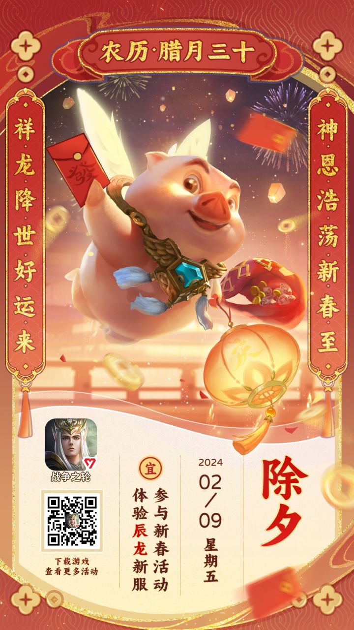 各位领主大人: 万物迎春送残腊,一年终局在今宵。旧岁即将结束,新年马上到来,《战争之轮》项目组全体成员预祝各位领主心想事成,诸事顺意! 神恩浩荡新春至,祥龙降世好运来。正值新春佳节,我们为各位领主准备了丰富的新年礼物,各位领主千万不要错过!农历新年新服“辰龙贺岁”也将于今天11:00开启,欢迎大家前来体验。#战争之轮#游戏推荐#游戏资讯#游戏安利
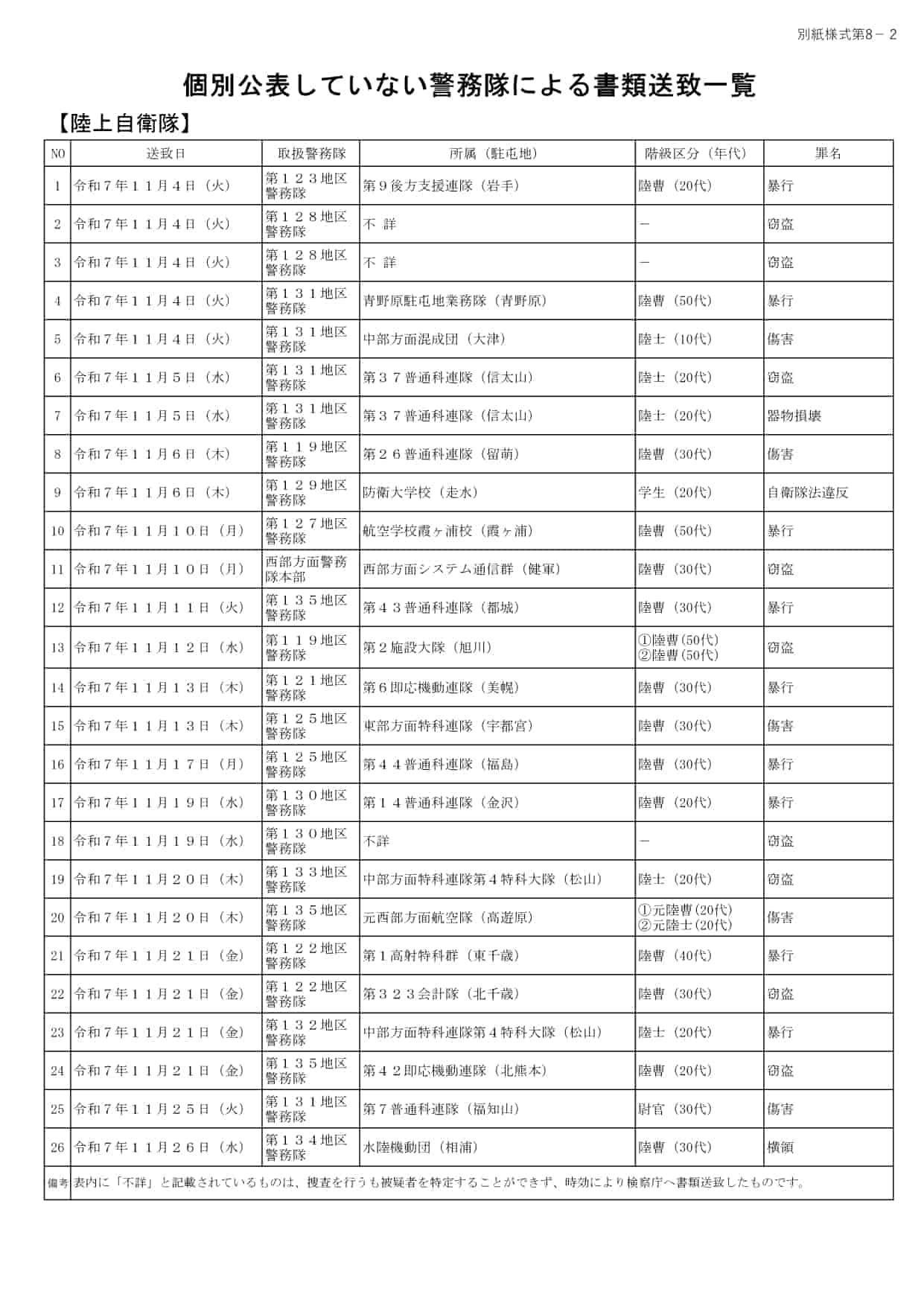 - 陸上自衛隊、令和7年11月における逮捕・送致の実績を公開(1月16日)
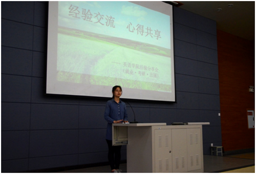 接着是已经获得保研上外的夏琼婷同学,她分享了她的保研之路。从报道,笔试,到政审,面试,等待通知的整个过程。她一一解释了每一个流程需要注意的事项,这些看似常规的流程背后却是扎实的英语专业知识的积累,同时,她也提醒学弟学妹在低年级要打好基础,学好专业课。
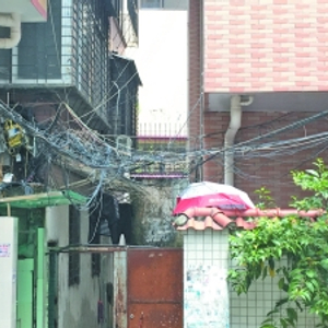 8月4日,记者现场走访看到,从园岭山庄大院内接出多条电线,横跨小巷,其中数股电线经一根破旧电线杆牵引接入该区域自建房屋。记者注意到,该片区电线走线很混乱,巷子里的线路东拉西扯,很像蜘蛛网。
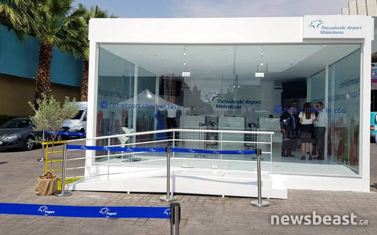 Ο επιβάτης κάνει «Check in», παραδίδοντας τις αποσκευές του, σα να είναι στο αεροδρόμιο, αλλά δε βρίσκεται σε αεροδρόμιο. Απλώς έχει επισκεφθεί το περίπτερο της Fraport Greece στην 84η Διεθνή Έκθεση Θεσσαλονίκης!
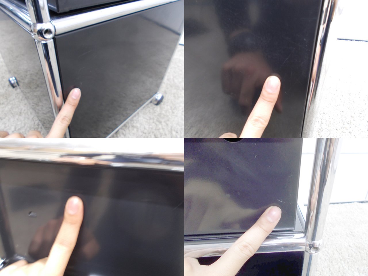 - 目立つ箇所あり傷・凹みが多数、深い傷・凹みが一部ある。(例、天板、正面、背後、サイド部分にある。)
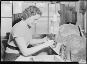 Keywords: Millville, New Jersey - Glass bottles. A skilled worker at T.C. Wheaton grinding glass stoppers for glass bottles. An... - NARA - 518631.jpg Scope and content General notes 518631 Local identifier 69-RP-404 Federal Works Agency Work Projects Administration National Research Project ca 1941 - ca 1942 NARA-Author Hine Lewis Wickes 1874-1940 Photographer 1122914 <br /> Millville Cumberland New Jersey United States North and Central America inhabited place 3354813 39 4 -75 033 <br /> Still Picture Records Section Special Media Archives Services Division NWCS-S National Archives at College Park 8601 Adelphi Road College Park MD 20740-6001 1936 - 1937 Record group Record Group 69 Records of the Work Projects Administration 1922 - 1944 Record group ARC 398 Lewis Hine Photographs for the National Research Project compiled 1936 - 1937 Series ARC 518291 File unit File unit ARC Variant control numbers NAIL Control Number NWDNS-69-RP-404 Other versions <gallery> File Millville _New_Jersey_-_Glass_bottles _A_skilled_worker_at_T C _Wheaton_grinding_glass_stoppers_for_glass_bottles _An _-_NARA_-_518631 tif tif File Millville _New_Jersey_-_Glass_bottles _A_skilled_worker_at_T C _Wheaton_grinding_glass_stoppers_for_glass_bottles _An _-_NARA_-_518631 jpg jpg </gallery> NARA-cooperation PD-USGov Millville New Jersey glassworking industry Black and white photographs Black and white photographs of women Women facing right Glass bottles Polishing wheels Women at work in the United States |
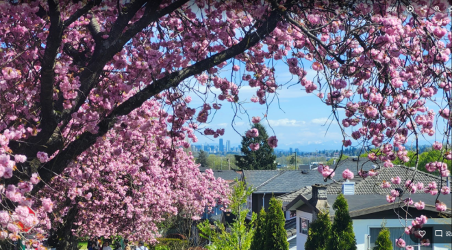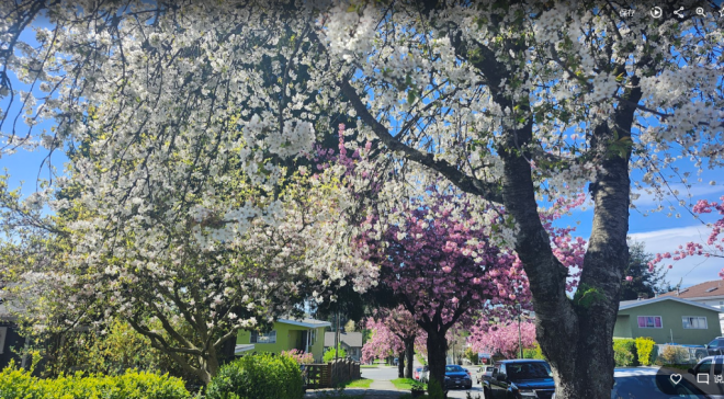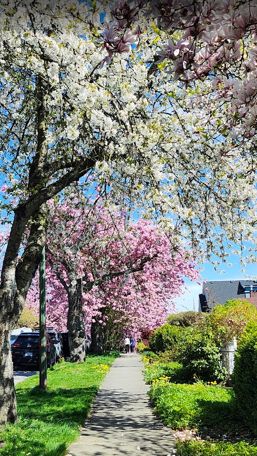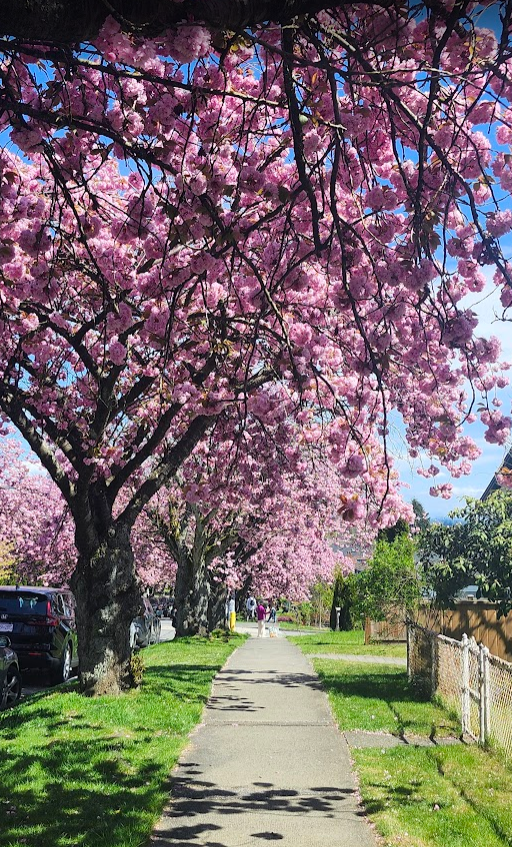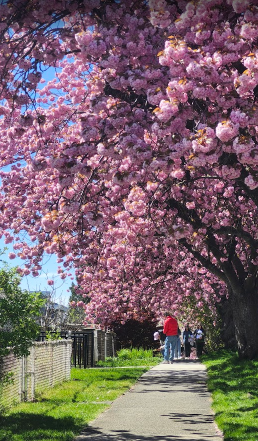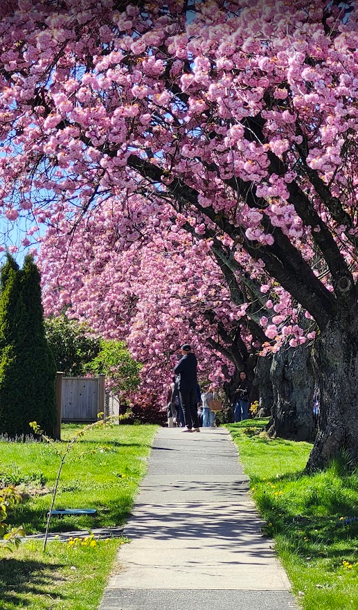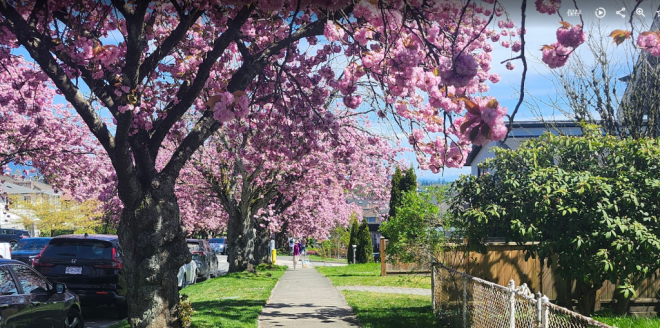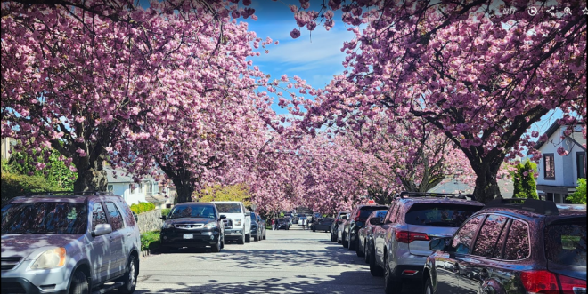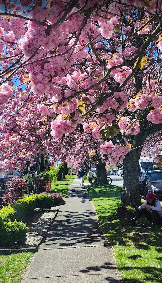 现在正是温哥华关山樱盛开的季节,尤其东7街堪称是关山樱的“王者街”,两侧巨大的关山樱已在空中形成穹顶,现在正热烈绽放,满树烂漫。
+ + + +
• **EXERCISE OBJECTIVE**
Word for word, write out the lines from the top of the records above down to the line holding "8月4日,记者现场走访看到,从园岭山庄大", inclusive, but not the pictures.

• **SOLUTION FOR THIS EXERCISE**
 各位领主大人: 万物迎春送残腊,一年终局在今宵。旧岁即将结束,新年马上到来,《战争之轮》项目组全体成员预祝各位领主心想事成,诸事顺意! 神恩浩荡新春至,祥龙降世好运来。正值新春佳节,我们为各位领主准备了丰富的新年礼物,各位领主千万不要错过!农历新年新服“辰龙贺岁”也将于今天11:00开启,欢迎大家前来体验。#战争之轮#游戏推荐#游戏资讯#游戏安利
 - 陸上自衛隊、令和7年11月における逮捕・送致の実績を公開(1月16日)
 接着是已经获得保研上外的夏琼婷同学,她分享了她的保研之路。从报道,笔试,到政审,面试,等待通知的整个过程。她一一解释了每一个流程需要注意的事项,这些看似常规的流程背后却是扎实的英语专业知识的积累,同时,她也提醒学弟学妹在低年级要打好基础,学好专业课。
 8月4日,记者现场走访看到,从园岭山庄大院内接出多条电线,横跨小巷,其中数股电线经一根破旧电线杆牵引接入该区域自建房屋。记者注意到,该片区电线走线很混乱,巷子里的线路东拉西扯,很像蜘蛛网。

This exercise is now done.